The listing must be copied out in full and exactly; no images go with it.

═════ Collected material ═════

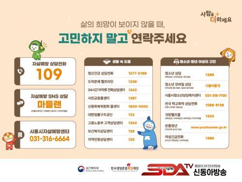 »îÀÌ ¾î·Æ°í Èñ¸ÁÀÌ º¸ÀÌÁö ¾Ê¾Æ µµ¿òÀ̳ª »ó´ãÀ» ¿øÇÒ °æ¿ì, ½ÃÈï½ÃÀڻ쿹¹æ¼¾ÅÍ¿¡ ÀüÈ(031-316-6664 (³»¼± 1-2))·Î ¿¬¶ôÇϰųª ´©¸®Áý¿¡¼ »ó´ã ¿¹¾àÀ» ÇÒ ¼ö ÀÖ´Ù. »ó´ã ½Åû ¹× ¹æ¹ý, »ç¾÷ ³»¿ë µî ´õ¿í ÀÚ¼¼ÇÑ »çÇ×Àº ½ÃÈï½ÃÀڻ쿹¹æ¼¾ÅÍ ´©¸®Áý(www.shsmhc.or.kr)À» ÅëÇØ È®ÀÎÇÒ ¼ö ÀÖ´Ù.
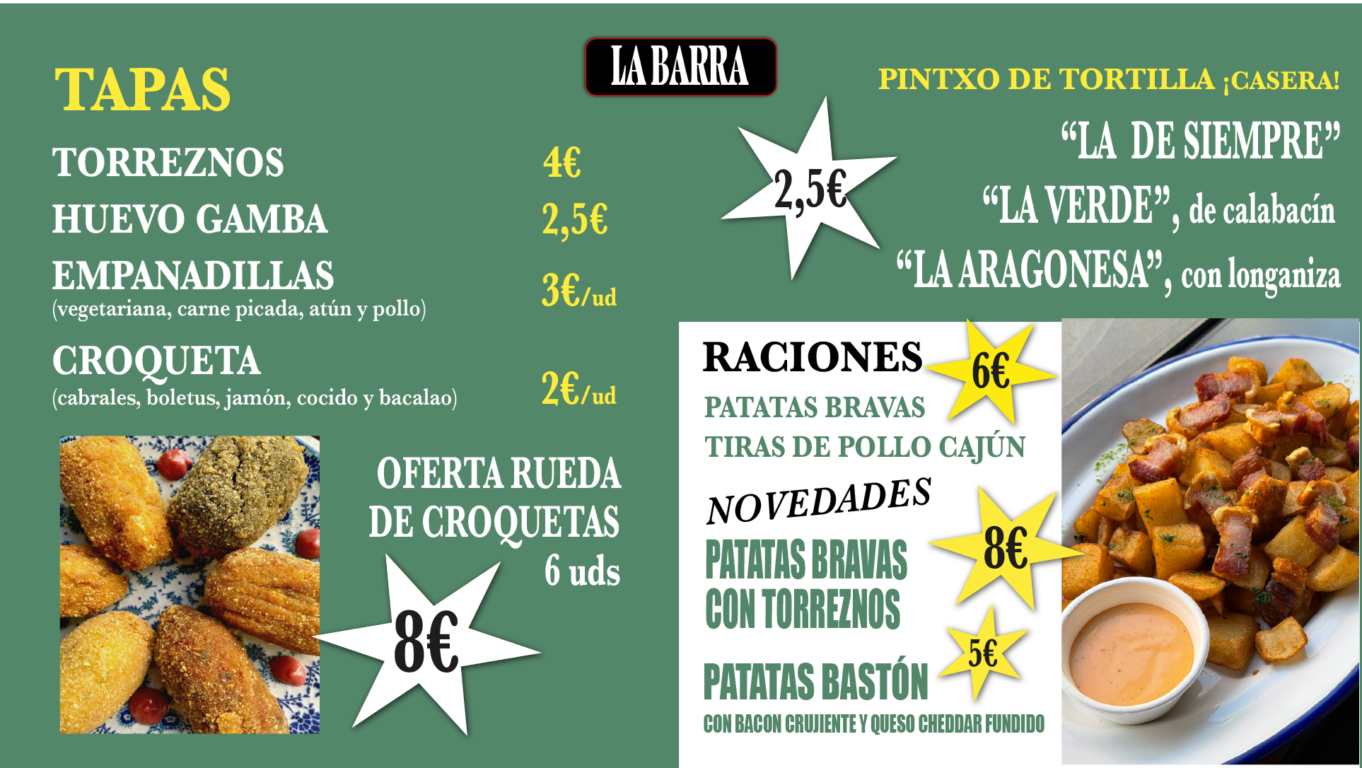En La Barra también ofrecemos ofertas especiales de desayunos, ideales para comenzar el día con energía y buen gusto. Y si tienes más apetito, no dudes en explorar el resto de nuestras opciones, siempre preparadas con ingredientes frescos y de calidad.
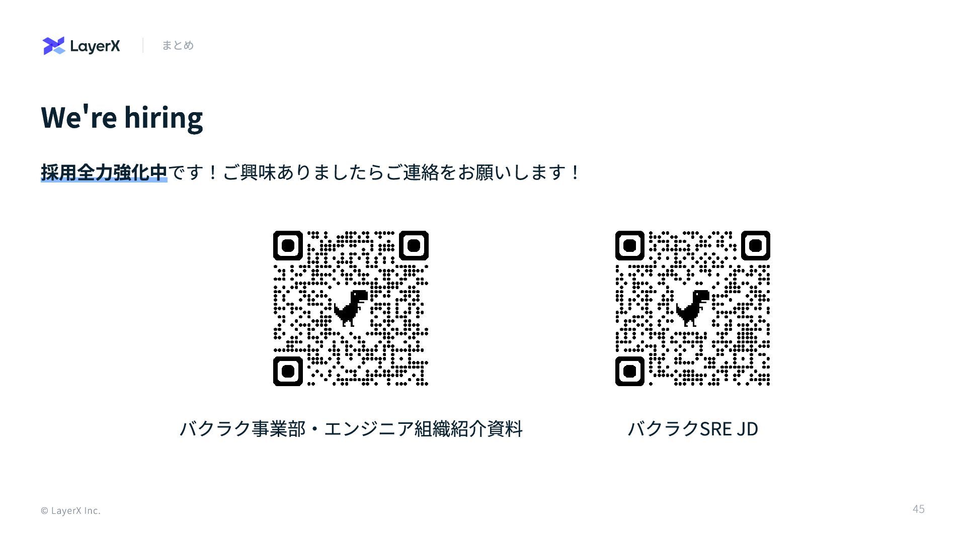 We're hiring 採用全力強化中です!ご興味ありましたらご連絡をお願いします! バクラク事業部・エンジニア組織紹介資料 バクラクSRE JD © LayerX Inc. まとめ

═════

— Output —
 »îÀÌ ¾î·Æ°í Èñ¸ÁÀÌ º¸ÀÌÁö ¾Ê¾Æ µµ¿òÀ̳ª »ó´ãÀ» ¿øÇÒ °æ¿ì, ½ÃÈï½ÃÀڻ쿹¹æ¼¾ÅÍ¿¡ ÀüÈ(031-316-6664 (³»¼± 1-2))·Î ¿¬¶ôÇϰųª ´©¸®Áý¿¡¼ »ó´ã ¿¹¾àÀ» ÇÒ ¼ö ÀÖ´Ù. »ó´ã ½Åû ¹× ¹æ¹ý, »ç¾÷ ³»¿ë µî ´õ¿í ÀÚ¼¼ÇÑ »çÇ×Àº ½ÃÈï½ÃÀڻ쿹¹æ¼¾ÅÍ ´©¸®Áý(www.shsmhc.or.kr)À» ÅëÇØ È®ÀÎÇÒ ¼ö ÀÖ´Ù.
En La Barra también ofrecemos ofertas especiales de desayunos, ideales para comenzar el día con energía y buen gusto. Y si tienes más apetito, no dudes en explorar el resto de nuestras opciones, siempre preparadas con ingredientes frescos y de calidad.
 We're hiring 採用全力強化中です!ご興味ありましたらご連絡をお願いします! バクラク事業部・エンジニア組織紹介資料 バクラクSRE JD © LayerX Inc. まとめ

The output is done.